_Activity_
In the entries below, find the line with "Wooden Louis corner" and the line with "RING, 18K vitguld, odlad"; copy them and every line between them exactly, but not the pictures.

_Exercise data_
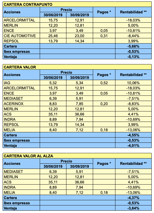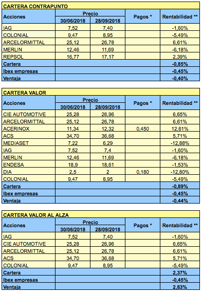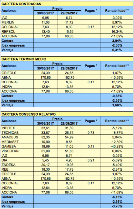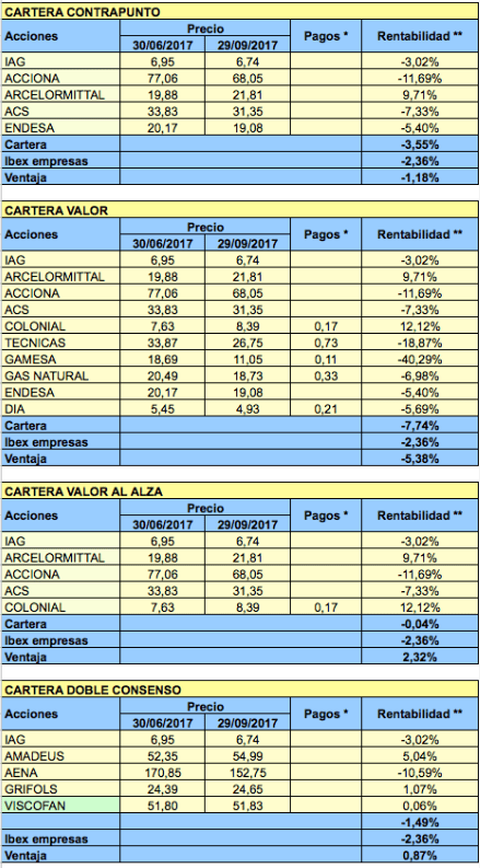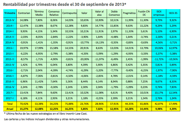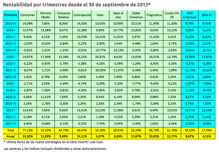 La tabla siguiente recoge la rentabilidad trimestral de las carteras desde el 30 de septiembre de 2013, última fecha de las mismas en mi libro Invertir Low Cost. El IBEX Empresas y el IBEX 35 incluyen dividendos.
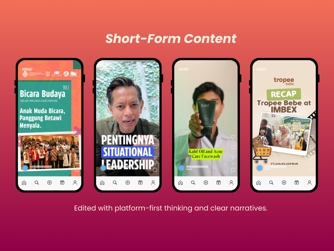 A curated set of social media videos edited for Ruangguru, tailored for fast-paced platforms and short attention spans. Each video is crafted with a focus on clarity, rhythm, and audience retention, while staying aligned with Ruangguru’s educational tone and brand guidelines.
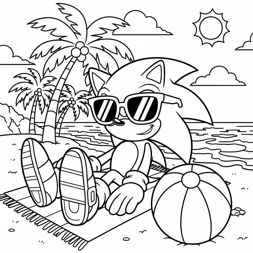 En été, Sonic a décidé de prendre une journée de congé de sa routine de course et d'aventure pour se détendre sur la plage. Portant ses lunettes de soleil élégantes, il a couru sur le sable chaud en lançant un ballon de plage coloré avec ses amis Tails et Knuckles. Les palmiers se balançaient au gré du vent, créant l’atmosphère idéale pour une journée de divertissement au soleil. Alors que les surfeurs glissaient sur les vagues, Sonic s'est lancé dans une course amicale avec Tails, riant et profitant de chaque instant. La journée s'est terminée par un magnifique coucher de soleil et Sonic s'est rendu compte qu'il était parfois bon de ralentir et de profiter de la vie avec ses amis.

--

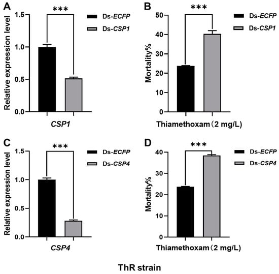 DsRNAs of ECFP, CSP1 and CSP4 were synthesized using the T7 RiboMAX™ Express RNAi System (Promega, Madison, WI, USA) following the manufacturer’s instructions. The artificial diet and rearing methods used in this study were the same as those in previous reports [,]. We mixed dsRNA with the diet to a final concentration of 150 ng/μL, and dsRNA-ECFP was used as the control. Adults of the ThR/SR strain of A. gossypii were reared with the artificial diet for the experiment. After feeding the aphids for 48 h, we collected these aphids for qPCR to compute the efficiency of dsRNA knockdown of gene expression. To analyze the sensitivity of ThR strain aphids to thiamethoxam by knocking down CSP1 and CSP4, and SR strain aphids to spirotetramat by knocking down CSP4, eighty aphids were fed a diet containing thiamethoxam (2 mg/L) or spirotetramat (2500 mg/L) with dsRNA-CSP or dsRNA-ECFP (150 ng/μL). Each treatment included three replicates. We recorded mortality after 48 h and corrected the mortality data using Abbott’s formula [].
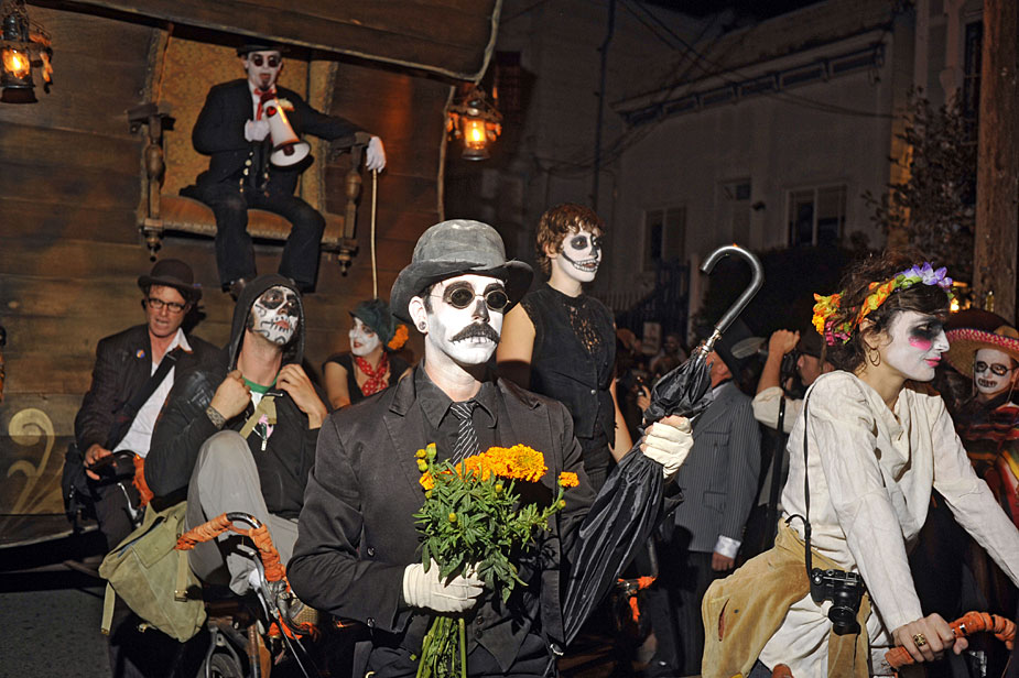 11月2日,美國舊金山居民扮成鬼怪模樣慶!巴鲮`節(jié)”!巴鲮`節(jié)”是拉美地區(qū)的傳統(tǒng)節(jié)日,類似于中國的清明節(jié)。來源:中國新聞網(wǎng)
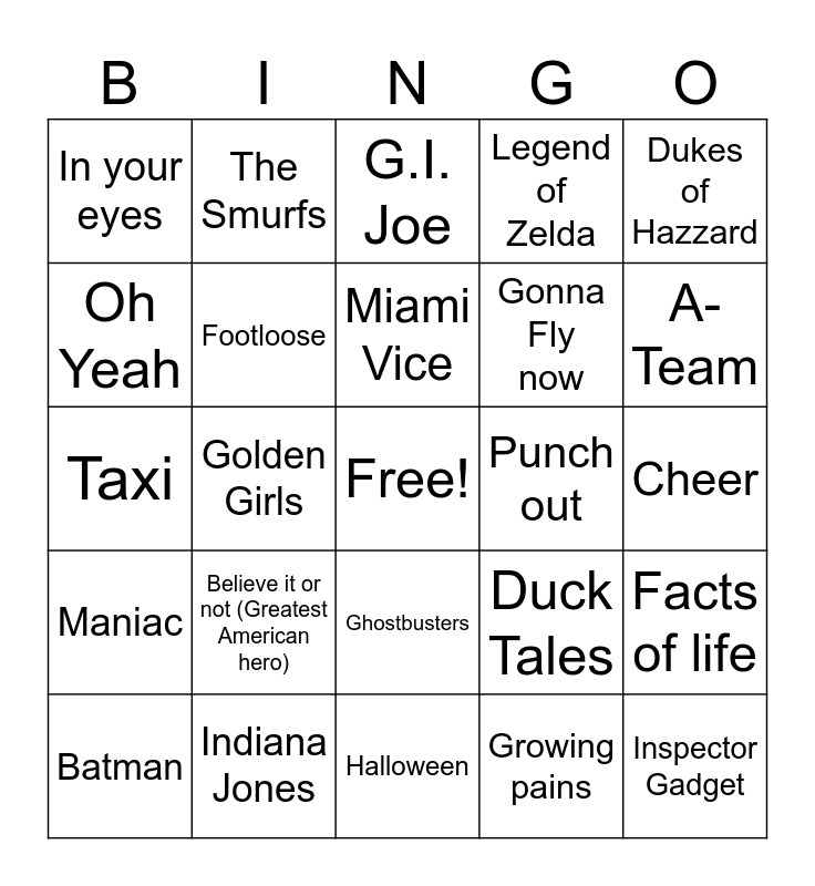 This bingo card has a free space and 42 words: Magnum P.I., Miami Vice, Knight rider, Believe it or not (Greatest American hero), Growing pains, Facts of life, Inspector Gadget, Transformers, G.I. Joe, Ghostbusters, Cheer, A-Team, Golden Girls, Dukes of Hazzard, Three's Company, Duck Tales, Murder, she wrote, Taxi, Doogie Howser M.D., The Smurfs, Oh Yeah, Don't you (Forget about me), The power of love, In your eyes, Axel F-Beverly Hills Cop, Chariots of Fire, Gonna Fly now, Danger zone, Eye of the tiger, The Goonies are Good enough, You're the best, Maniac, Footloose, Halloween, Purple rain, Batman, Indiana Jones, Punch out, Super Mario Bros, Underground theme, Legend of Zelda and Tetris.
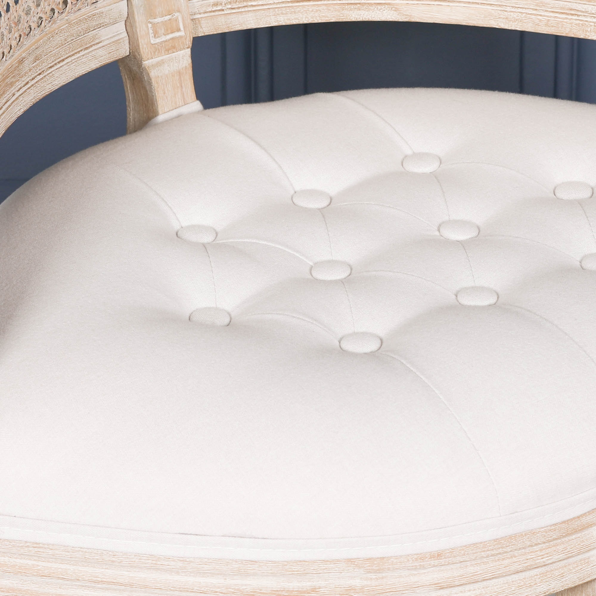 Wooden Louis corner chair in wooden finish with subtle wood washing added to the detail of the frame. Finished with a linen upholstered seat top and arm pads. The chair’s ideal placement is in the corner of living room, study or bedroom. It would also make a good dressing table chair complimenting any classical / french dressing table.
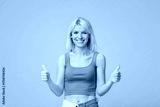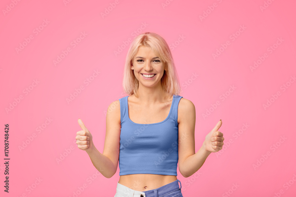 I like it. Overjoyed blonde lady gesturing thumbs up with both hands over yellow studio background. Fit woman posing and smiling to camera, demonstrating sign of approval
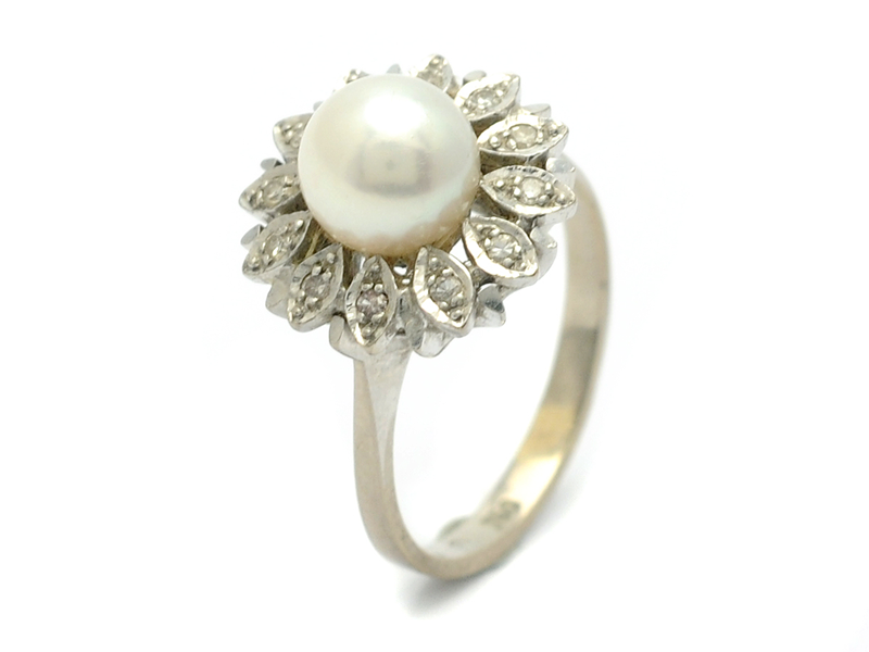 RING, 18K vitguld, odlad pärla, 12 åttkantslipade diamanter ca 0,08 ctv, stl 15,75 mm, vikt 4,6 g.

_Output of the task_
 Wooden Louis corner chair in wooden finish with subtle wood washing added to the detail of the frame. Finished with a linen upholstered seat top and arm pads. The chair’s ideal placement is in the corner of living room, study or bedroom. It would also make a good dressing table chair complimenting any classical / french dressing table.
 I like it. Overjoyed blonde lady gesturing thumbs up with both hands over yellow studio background. Fit woman posing and smiling to camera, demonstrating sign of approval
 RING, 18K vitguld, odlad pärla, 12 åttkantslipade diamanter ca 0,08 ctv, stl 15,75 mm, vikt 4,6 g.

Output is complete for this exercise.